Thread: Dead rows not getting removed during vacuum

Dead rows not getting removed during vacuum

From
Granthana Biswas
Date:
Hello All,

Has anyone ever faced the issue of dead rows not getting removed during vacuum even if there are no open transactions/connections?

We have been facing this during every scheduled vacuum which is done after closing all other database connections:

119278 dead row versions cannot be removed yet.
The number of dead rows varies with each table.

Regards,
Granthana

Re: Dead rows not getting removed during vacuum

From
Venkata Balaji Nagothi
Date:
On Thu, Mar 20, 2014 at 5:27 AM, Granthana Biswas <granthana@zedo.com> wrote:

Hello All,

Has anyone ever faced the issue of dead rows not getting removed during vacuum even if there are no open transactions/connections?
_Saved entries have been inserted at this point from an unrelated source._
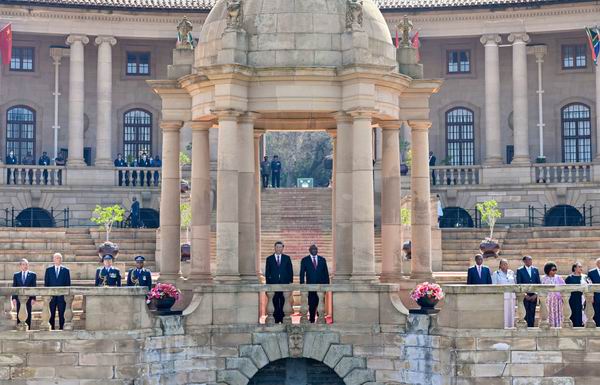 當地時間8月22日上午,正在南非進行國事訪問的國家主席習近平在比勒陀利亞總統府同南非總統拉馬福薩會談。會談前,拉馬福薩在總統府廣場為習近平舉行歡迎儀式。新華社記者 殷博古 攝 8月24日晚,約翰內斯堡。習近平主席同拉馬福薩總統共同主持中非領導人對話會,來自非洲不同地區的各國領導人出席。 “2013年我擔任中國國家主席后,首次出訪就來到非洲,提出真實親誠對非政策理念。”習近平主席動情地回憶。 再次同非洲領導人集體會面,習近平主席宣布,中方愿發起“支持非洲工業化倡議”,實施“中國助力非洲農業現代化計劃”,實施“中非人才培養合作計劃”,助力非洲一體化和現代化事業。 各方相約:明年在中國舉辦下一屆中非合作論壇會議。 習近平主席南非之行,著眼于中非關系再上新臺階,也著眼于金磚合作展現新氣象、“全球南方”團結自強打造新格局。 就在24日上午,約翰內斯堡見證發展中國家聯合自強的歷史性時刻——金磚國家領導人決定:邀請沙特、埃及、阿聯酋、阿根廷、伊朗、埃塞俄比亞正式成為金磚大家庭成員。 “這次擴員是歷史性的,體現了金磚國家同發展中國家團結合作的決心,符合國際社會期待,符合新興市場國家和發展中國家共同利益。”習近平主席向新成員熱情道賀。各國領導人的手緊緊握在一起。 相知無遠近,萬里尚為鄰。百年變局加速演進之際,作為最大發展中國家,中國現代化建設成就,吸引著世界上同樣有著發展振興夢想的國家和民族—— 委內瑞拉總統馬杜羅先后參訪廣東、上海、山東,希望學習借鑒經濟特區建設的成功實踐,習近平主席表示“愿同委方分享有關經驗”; 烏拉圭總統拉卡列來訪,習近平主席同他共同見證一系列雙邊合作文件簽署,拉卡列總統高興地拿起一支印有“人民大會堂”字樣的紅鉛筆留作紀念; 洪都拉斯總統卡斯特羅在中洪建交兩個多月后就對中國進行國事訪問,在習近平主席舉行的歡迎儀式上,卡斯特羅總統興奮地向小朋友們做出“比心”手勢。她由衷感慨,中國的發展成就“讓正直的人有足夠的動力愿意加入其行列,與他們一起奮斗”。 (三)“周邊是搬不走的鄰居,成就鄰居就是幫助自己” “今天是你70歲生日,再次祝你生日快樂。在這個特殊日子里,你來華進行國事訪問,彰顯了兩國關系的高水平,也再次印證了你同中國的不解之緣。” 5月17日下午,陜西賓館。賓主落座,習近平主席微笑著向哈薩克斯坦總統托卡耶夫表達生日祝福。 “謝謝。”曾在華進修和工作多年的托卡耶夫總統高興地用中文回應。 長安復攜手,再顧重千金。初夏,習近平主席同中亞五國元首齊聚西安,出席首屆中國-中亞峰會。 包容四海、兼納百川的仿唐入城儀式;歡迎宴會上的梁家河小米、富平柿子酒、羊肉泡饃;刻有“宅茲中國”的國禮“何尊”……一項項精心安排,講述著源遠流長而又日新月異的中國故事,展現著中國外交講信修睦、親仁善鄰的深厚底蘊。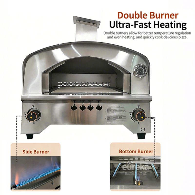 Four à pizza professionnel de petite taille pour l'extérieur, en acier inoxydable, 12 pouces, à gaz GPL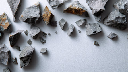 Shattered basalt rock pieces over white paper texture background, styled as an abstract layout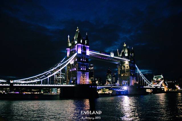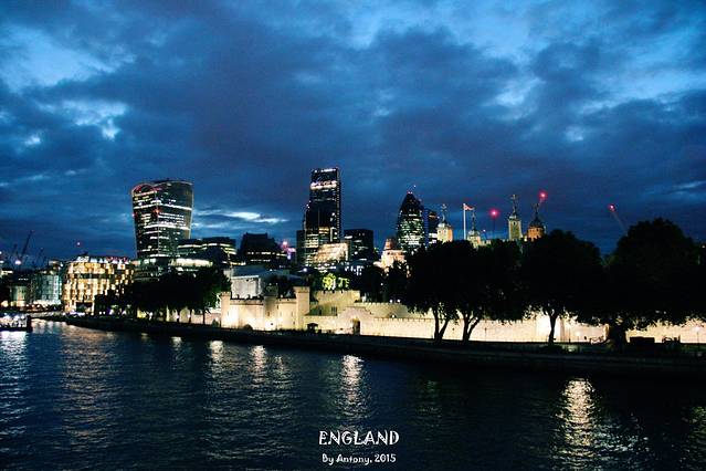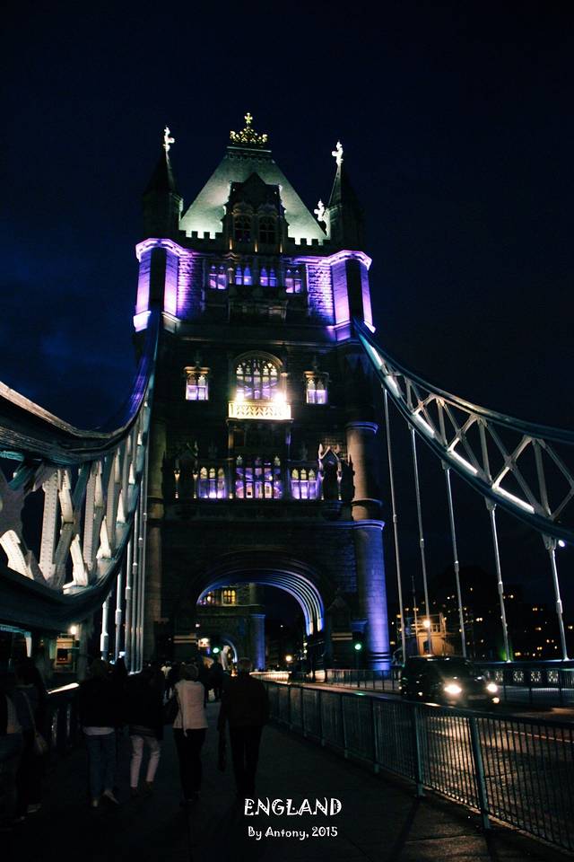 回到酒店吃完晚饭,在房间一直休息到九点半,然后收拾一下东西出门,前往伦敦塔桥看夜景。乘坐地铁到Tower Hill站,出了地铁,步行一会就到伦敦塔桥。塔桥的夜景很美!

We have been facing this during every scheduled vacuum which is done after closing all other database connections:

119278 dead row versions cannot be removed yet.
This means there are transactions in progress when the vacuum was running. Do you see any such situation ?

Please let us know, which version of PostgreSQL is this.

Venkata Balaji N

Sr. Database Administrator
Fujitsu Australia

Re: Dead rows not getting removed during vacuum

From
Sergey Konoplev
Date:
On Thu, Mar 20, 2014 at 5:27 AM, Granthana Biswas <granthana@zedo.com> wrote:
> Has anyone ever faced the issue of dead rows not getting removed during
> vacuum even if there are no open transactions/connections?

What does the pg_prepared_xacts view show?

--
Kind regards,
Sergey Konoplev
PostgreSQL Consultant and DBA

http://www.linkedin.com/in/grayhemp
+1 (415) 867-9984, +7 (901) 903-0499, +7 (988) 888-1979
gray.ru@gmail.com


Re: Dead rows not getting removed during vacuum

From
Haribabu Kommi
Date:
On Thu, Mar 20, 2014 at 11:27 PM, Granthana Biswas <granthana@zedo.com> wrote:
> Hello All,
>
> Has anyone ever faced the issue of dead rows not getting removed during
> vacuum even if there are no open transactions/connections?
>
> We have been facing this during every scheduled vacuum which is done after
> closing all other database connections:
>
> 119278 dead row versions cannot be removed yet.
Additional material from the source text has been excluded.